I don’t know where to pinpoint a start to my work in digital humanities. Maybe it began
on instant messaging platforms like AIM or MSN Messenger, truncating, puttying, and
shaping language for new platforms. Maybe it was in re-watching early viral videos —
“Chocolate Rain” still is and always will be a bop — and
thinking they related to something that might mean identity. Or perhaps it came earlier
with the affective thrill on hearing the distinct buzz of a dial-up internet connection,
so foreign a sound whirring through Caribbean breeze. I know it wasn’t in a classroom,
or — no offense Mavis Beacon — learning how to type, or formatting a resume in MS Word
’95. See, the appeal of the digital to me, an “inside chile” growing up in
Trinidad (face usually in a book or screen) never was assimilation into some larger arc
of intellectual or technological “progress” or change; one thing that drew me in to
thinking about the ways digital technologies culture us or how we culture them was
possibility. And I don’t mean possibility in the “discovery” or “recovery”
sense: I refuse the idea that the goal of Black digital technologies and their uses
remains building some Black canon of texts, some particular archive of artifacts, a
catalogue of ways of being in the world somehow authentically emerging from “Black
experience.” I also refuse the notion that “Black digital humanities” might
help us find some place among the long arching shadow that is the figure of the “human,”
even as snuff videos stay circulating of cops killing us with pleas for humanity on
social media. I suppose possibility, to me, conjures constant shift(in’)-forms.
Following Black feminist scholars and activists who take up approaches to digital
humanities situated in a Wynterian theoretical genealogy, like Tara L. Conley and Ashley
Greene Wade for example, I understand digital technologies and media for their viral
potentials to undercut the overrepresentation of man as Western bourgeois male subject,
as human [Conley 2017]
[Greene Wade 2017]. But my hope in virality lies not in building a single
vision or static versions of what might mechanize responses to Sylvia Wynter’s call for
“new genres of being human”
[Wynter 2007]. Nah, I believe that virality inherently offers — through
distribution — constant space for mashing up contexts, artifacts, identities, and the
very frameworks on which settler-colonial, racial capitalist projects lie. We need not
construct or overrepresent sub-genres of what being “human while
Black” might look like by digital means and watch them appropriated toward our
own demise. The plurality of Wynter’s call (in genres, rather than genre)

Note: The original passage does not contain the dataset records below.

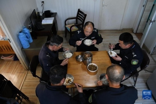 4月20日,在黃山風(fēng)景區(qū)平天矼瞭望哨內(nèi),瞭望哨防火小隊5名隊員在吃晚飯,右一為秦志平。
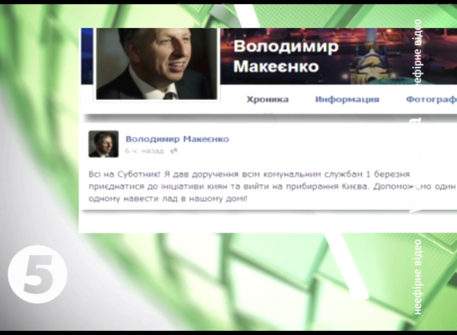 У своїй сторінці на «Фейсбуці» чиновник написав: усім комунальним службам дав доручення долучитися до ініціативи киян та вийти на прибирання столиці. В телефонній розмові з 5-м каналом Макеєнко не повідомив, які саме служби будуть братися за благоустрій. Євромайданівці кажуть – на толоку вийдуть тільки після чиновників. А от барикади розбирати не збираються.
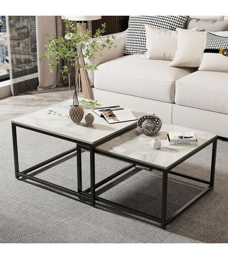 MATÉRIAU UNIQUE - Plaque supérieure fabriqué en pierre frittée qui rend une sensation profonde et luxueuse pour reproduire la texture réaliste de marbre naturelle, Pierre naturel et des minéraux compressé sous 16000 tonnes, en suite fritté sous 1500¿, nous aurons la pierre frittée qui résistent à l'humidité et aux rayures, ainsi qu'aux températures élevées, et la lumière réfléchie sans hyperluminosité, les tables basses carrées peuvent rester propres même après une utilisation à long termeTABLE DE CAFÉ CARRÉE - Deux tailles différentes (grande 65 x 65 x 40cm ; petite 60 x 60 x 34cm) de table de café carrée avec design italien s'adaptent parfaitement à salon, chambre et balcon. Le large plateau de la table peut contenir plus d'objets, vous pouvez apprécier le café et la lecture avec votre famille et vos amis autour de la table. Les tables gigognes conviennent également aux hôtels, aux cafés et aux attractions touristiques pour divertir les clientsUTILISATION LIBRE - Les grande et petite tables blanches peuvent être disposées côte à côte au centre du salon ou séparées de différentes manières, Elle est parfaite non seulement comme table de salon mais aussi comme table basse avec table d'appoint au style identique qui se fait échoCOMBINAISON DE DIFFÉRENTS MATÉRIAUX - La combinaison de différents matériaux tels qu'une plaque supérieure en pierre à motif de marbre naturel et des pieds en cubes dacier noir donne une impression élégante et intelligente, Il s'intègre facilement dans divers intérieurs tels que le style scandinave, le goût moderne et industrielMONTAGE ET GARANTIE - Avec les instructions et les accessoires fournis, la table peut être facilement assemblée. Comme il a également une surface lisse et imperméable, le nettoyage est rapide et facile, Si vous avez reçu un produit cassé, contactez-nous directement avec une photo, nous vous evoyerons tout de suite un produit tout nouveau, votre droit est tout garantie.La livraison depuis la France est prévue dans 5 jours ouvrés, n'hésitez pas à passer votre commande ...
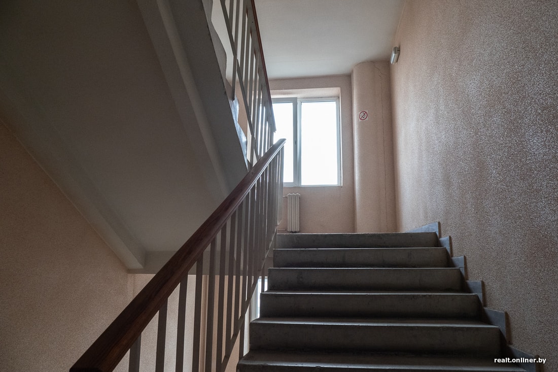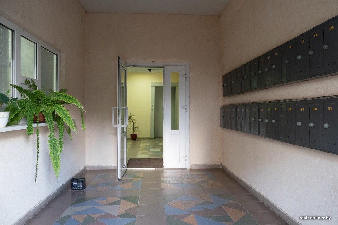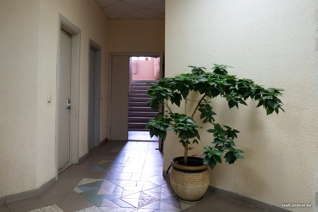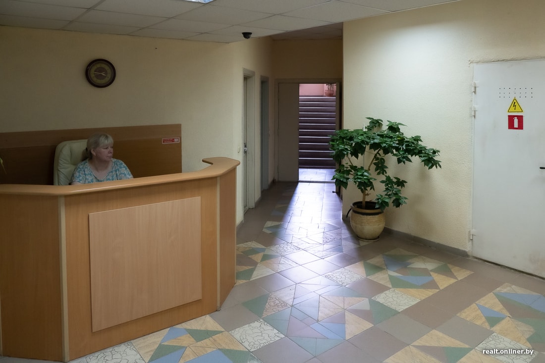 Первый этаж дома отдан под коммерческие помещения, вход в которые организован со стороны улицы. Со второго начинаются квартиры, попасть в которые можно только через огороженную территорию двора и подъезд с консьержем. На каждом этаже дома по четыре квартиры, лифт расположен между ними, а лестница — в отдельном холле с окнами.
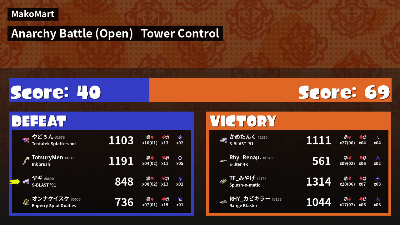 | Mode | Tower Control - Anarchy Battle (Open) | ||
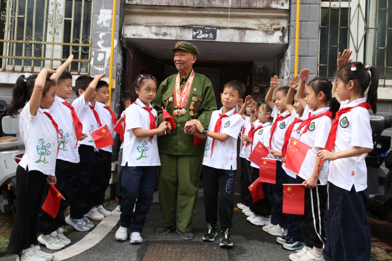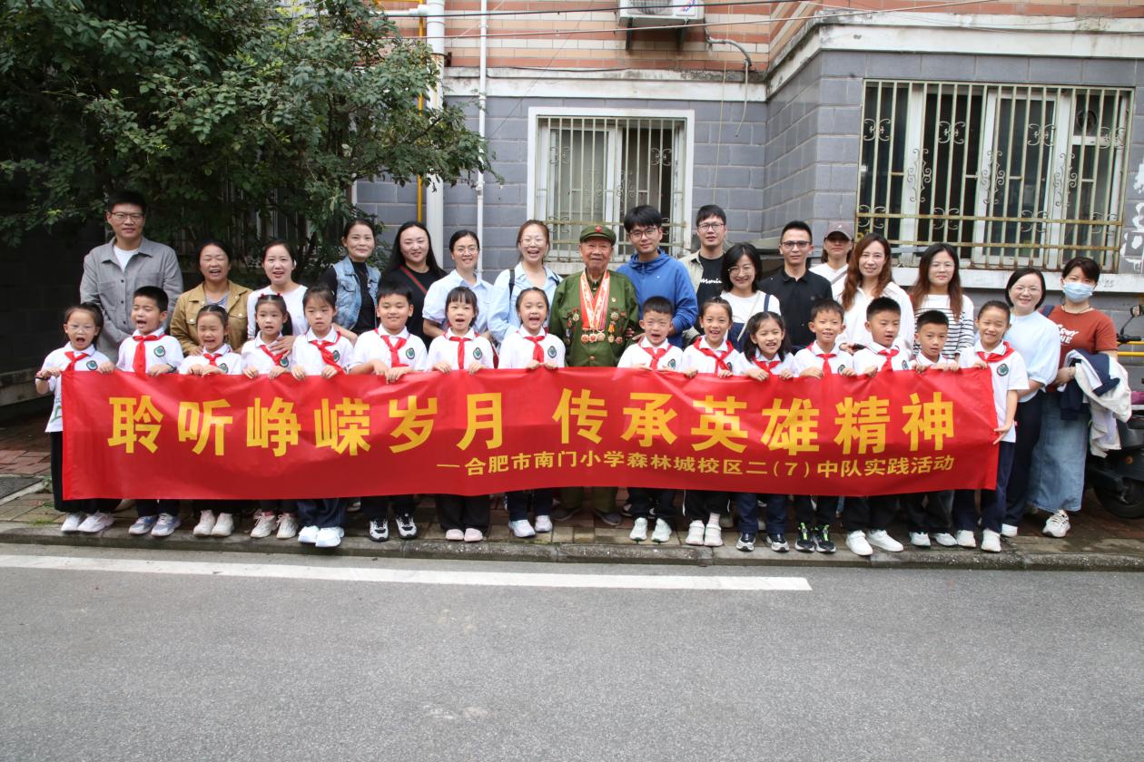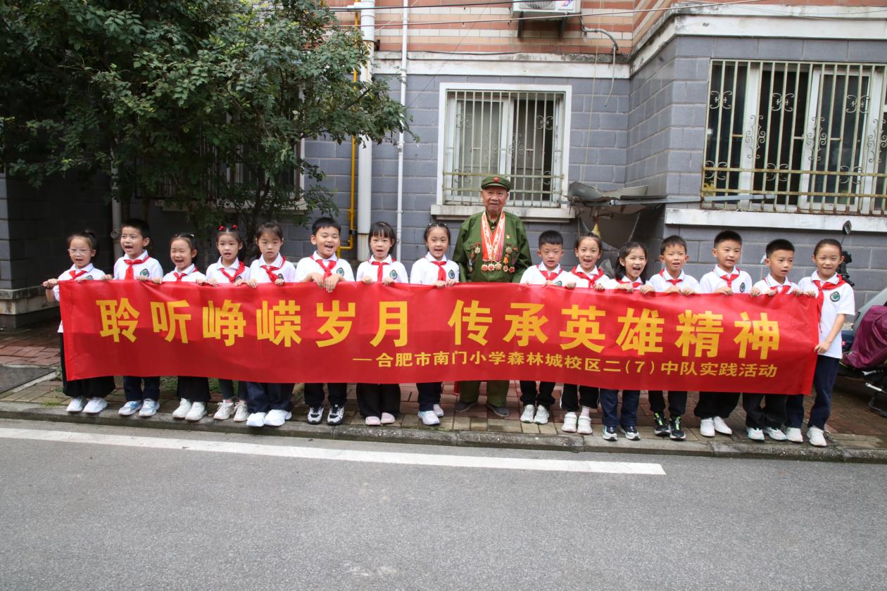 原来,当天合肥市南门小学森林城校区二7中队星球小队的少先队员们,在辅导员于非凡老师和杏花社区工作人员的带领下,开展主题为“聆听峥嵘岁月,传承英雄精神”的中队活动,他们来到新四军老战士宣钜华的家中,以特别的方式迎接国庆的到来。

suggests that Black studies might offer the digital the idea that no single “human”
or “humanistic” metric, discipline, or idea may measure or signify Blackness
in toto. #BlackGirlMagic, #BlackBoyJoy, #BlackLivesMatter, none need
look or mean one way because Blackness don’t need to look one way. Magic, joy, whatever
don’t have to matter according to normative (affective) scripts. Difference
— which Achille Mbembe reminds us Blackness signifies in extremity — rather, suggests we
could augur n/other planets: places, terrains, digital geographies where reiterative
negation of otherhood might help us fever dream something different [Mbembe 2013]. Together, by using digital media to turbulently disturb,
spread, alter any received sense of what we are or could be in the continued heat of
racial capitalism, let’s dream nutha planets.
Works Cited
Conley 2017 Conley, Tara L (2017). “Decoding Black feminist hashtags as becoming.”
The Black Scholar. 47.3: 22-32.
Greene Wade 2017 Greene Wade, Ashleigh (2017).

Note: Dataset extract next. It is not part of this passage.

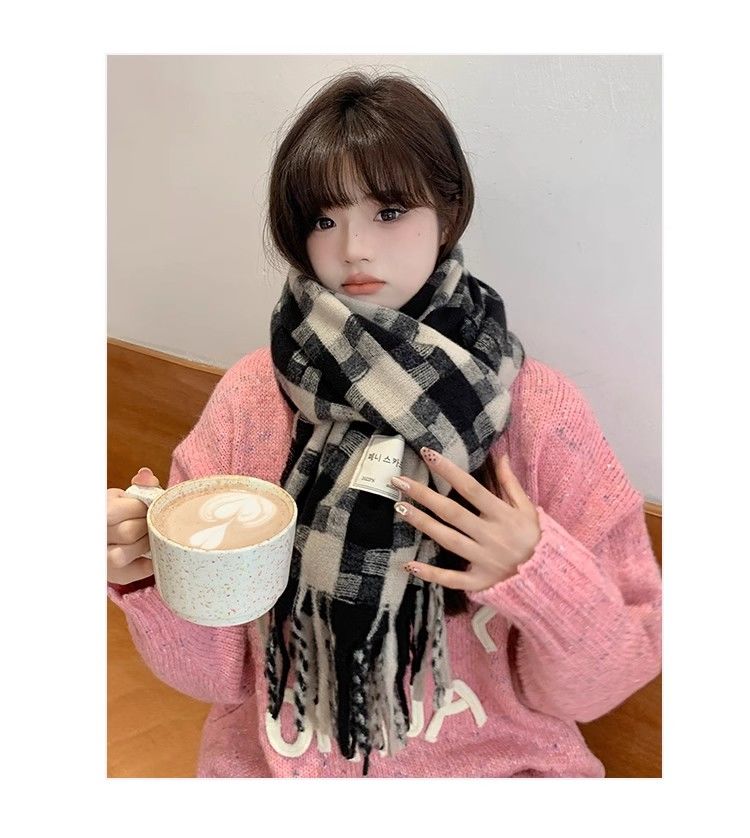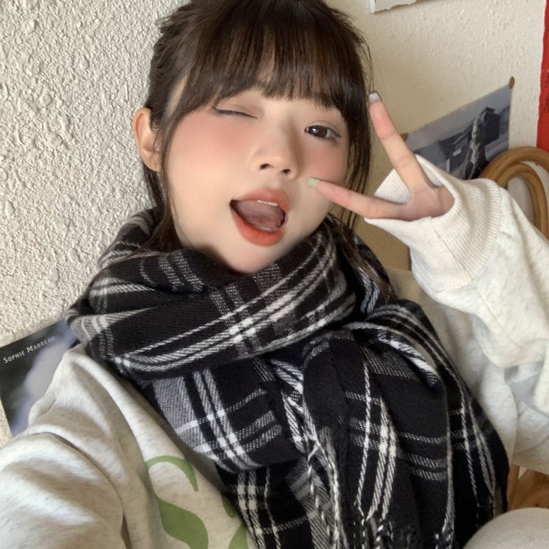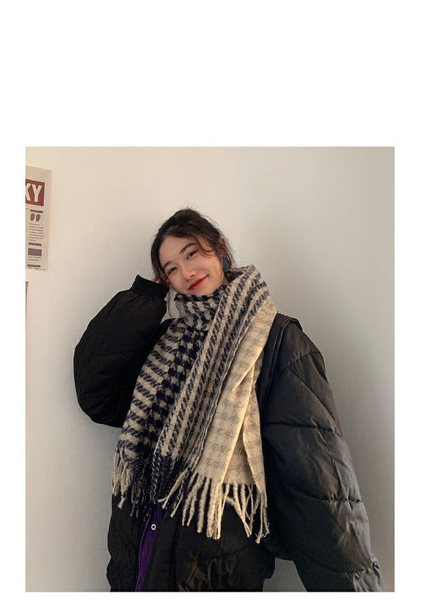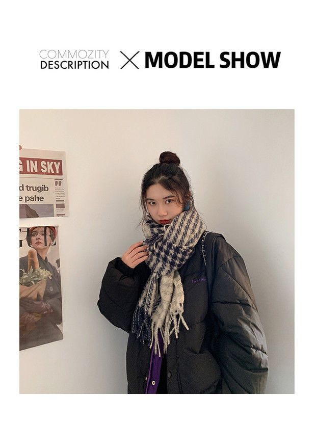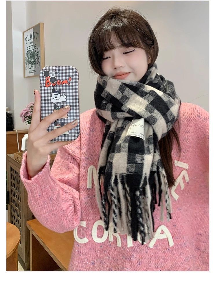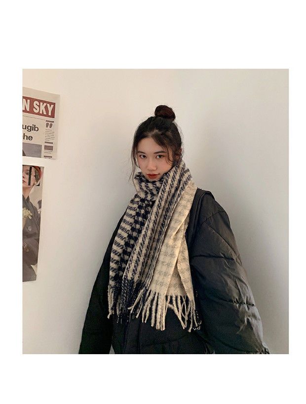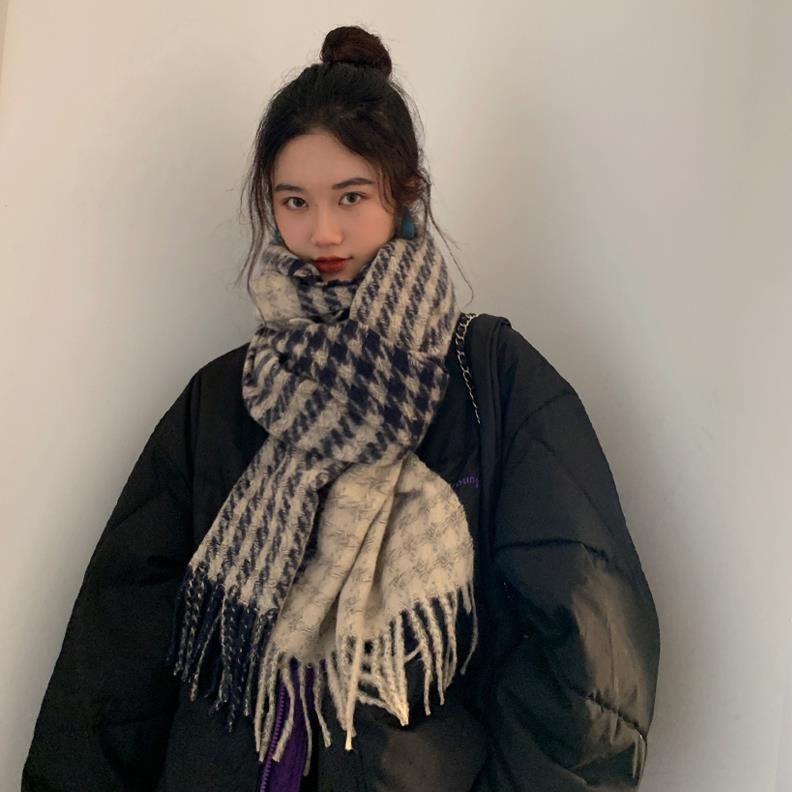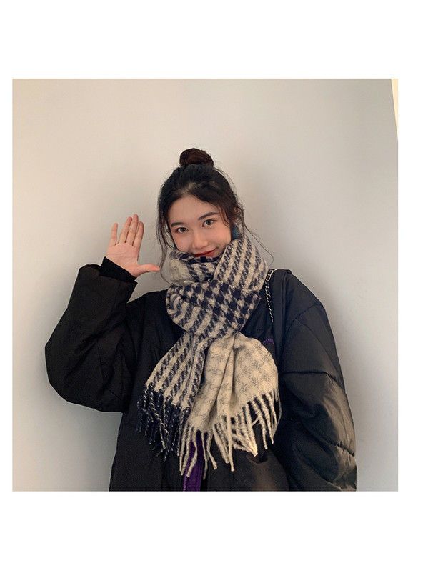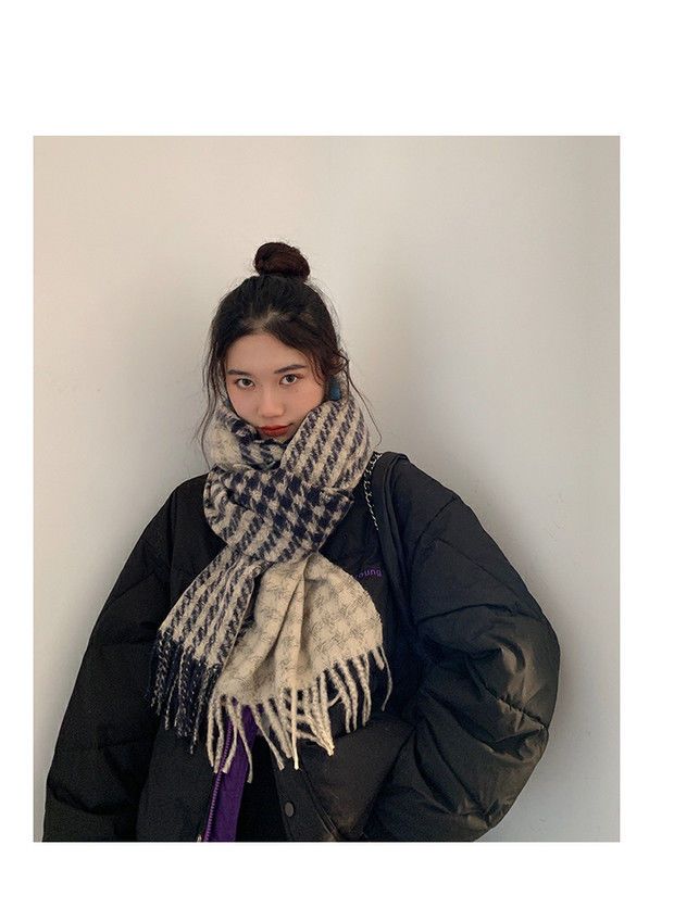 千鸟格子ins围巾女秋冬季2024新款高级感厚实百搭韩系保暖围脖男

“'New genres of being human': World making through viral
blackness.”
The Black Scholar. 47.3: 33-44.
Mbembe 2013 Mbembe, Achille (2013). Critique of black reason. Durham, NC: Duke University Press.
Wynter 2007 Wynter, Syvlia (2007). “On how we mistook the map for the territory and reimprisoned
ourselves in the unbearable wrongness of being, of desetre: Black studies toward
the human project.” In L. R. Gordon and J. A. Gordon (eds.) A Companion to African American Studies. London:
Wiley-Blackwell. 107-118.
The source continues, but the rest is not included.